In terms of repurchase amounts, during the aforementioned period, WuXi AppTec topped the list with a repurchase amount of nearly 980 million yuan, followed by Fangda Carbon and Wens Foodstuff Group with repurchase amounts of 394 million yuan and 264 million yuan respectively. Yili Group, Tongwei Co., Ltd., and SF Holding also had repurchase amounts exceeding 100 million yuan within the same period.
Recently, Liaoning Port Co., Ltd. disclosed its latest repurchase plan. On September 24th, the company announced its intention to conduct a second share repurchase through a centralized bidding transaction, with the total repurchase funds ranging from 420 million to 840 million yuan. The repurchased shares will be fully canceled and the company's registered capital will be reduced accordingly, with the repurchase price not exceeding 1.87 yuan per share.
Attention should be paid to risks such as manipulating stock prices through share repurchases.
This year, policies have continuously encouraged and guided listed companies to repurchase shares.
In April, the new "Nine National Articles" proposed guiding listed companies to legally cancel shares after repurchasing them; at the end of September, the central bank created a policy for re-lending of stock repurchase and increase.
Tian Lihui believes that at this stage, the wave of share repurchases and increases is still continuing in the A-share market, driven by various factors.
He analyzed that, first of all, the confidence of listed companies and their controlling shareholders in the company's future development is the internal driving force for share repurchases and increases; secondly, the policy of re-lending of stock repurchase and increase created by the central bank provides listed companies with a more abundant source of funds, reducing the cost of share repurchases and increases; in addition, after a period of sluggishness in the A-share market, the stock prices of some companies are undervalued, and share repurchases and increases have become an important means to enhance company value and protect shareholder interests.

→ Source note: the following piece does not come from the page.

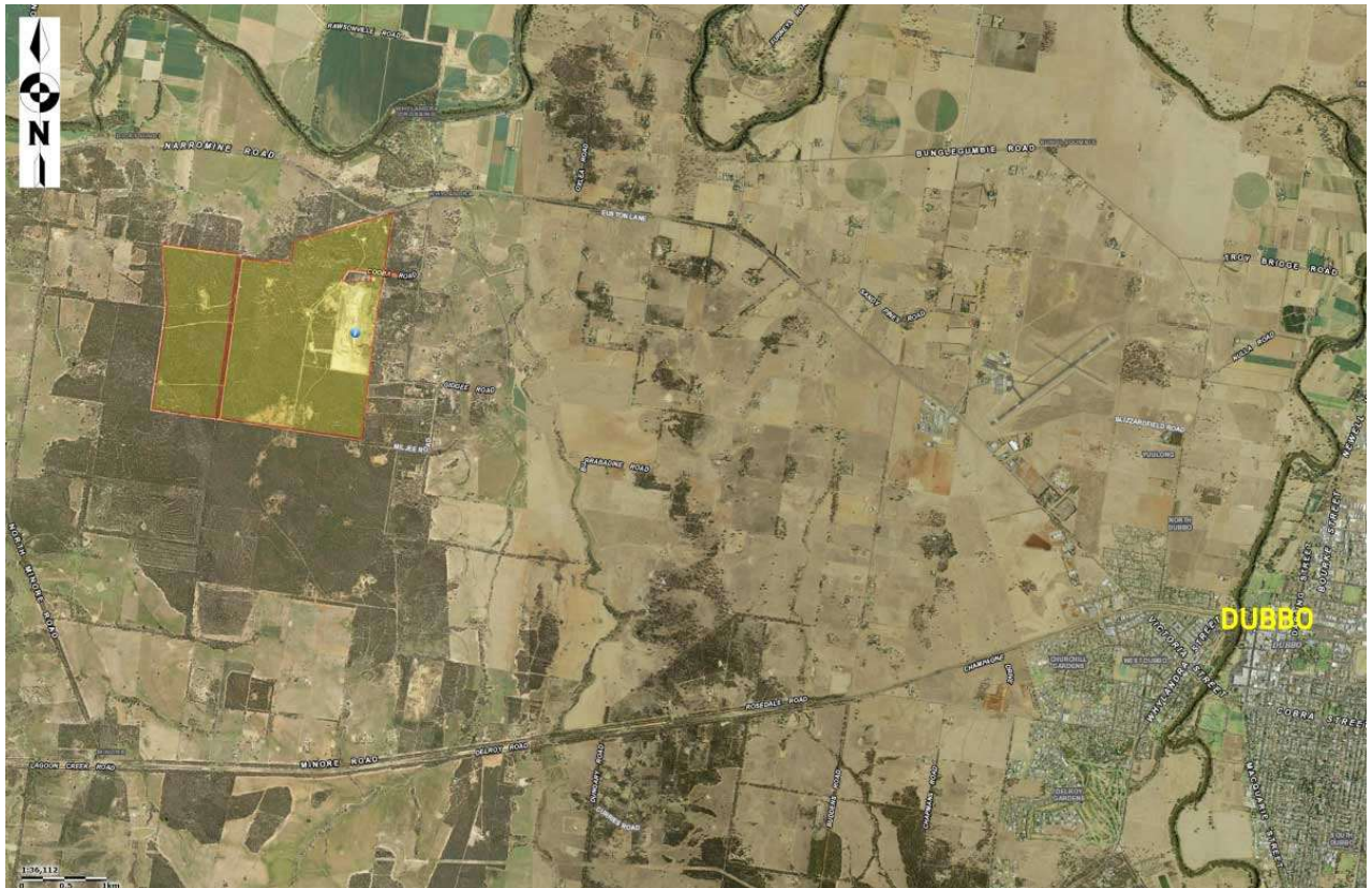
Figure 1 – Location Map:

SITE ACCESS: The Whylandra Waste & Recycling Centre is located ~12 kilometres north west of the Dubbo township centre and is accessed off the Mitchell Highway along Cooba Road . Lockable security fencing / gates are situated to the east of a weighbridge / gatehouse which itself acts as the primary site access control point during public operational hours. The site is open to the public between 8 am to 5 pm Monday to Friday and 9.00 am to 5.00 pm Saturdays and Sundays AND closed Good Friday and Christmas Day .

Regarding the repurchase entities, Tian Lihui mentioned that the increase and repurchase behavior of central state-owned enterprises helps to enhance market confidence and stabilize market sentiment. Central state-owned enterprises usually have high-quality assets and good profitability, and their increase and repurchase also help to promote the company's stock price back to a reasonable level, creating greater value for investors.
In terms of repurchase methods, cancellation-type repurchases have frequently appeared within the year. Tian Lihui said that previous repurchase methods were mostly used for employee stock ownership plans, equity incentives, etc., and cancellation-type repurchases help to optimize the share capital structure, increase the gold content per share, and stabilize and increase the stock price.He also noted that while share buybacks are good news for investors, multiple risks still need to be monitored. "Firstly, it is important to understand the motives and purposes behind the listed company's share repurchase to avoid being deceived by false buybacks; secondly, whether the price and quantity of the repurchased shares are reasonable to prevent the listed company from manipulating the stock price through buybacks; thirdly, pay attention to the operating conditions and profitability of the listed company to avoid blindly following the trend in investment," said Tian Lihui.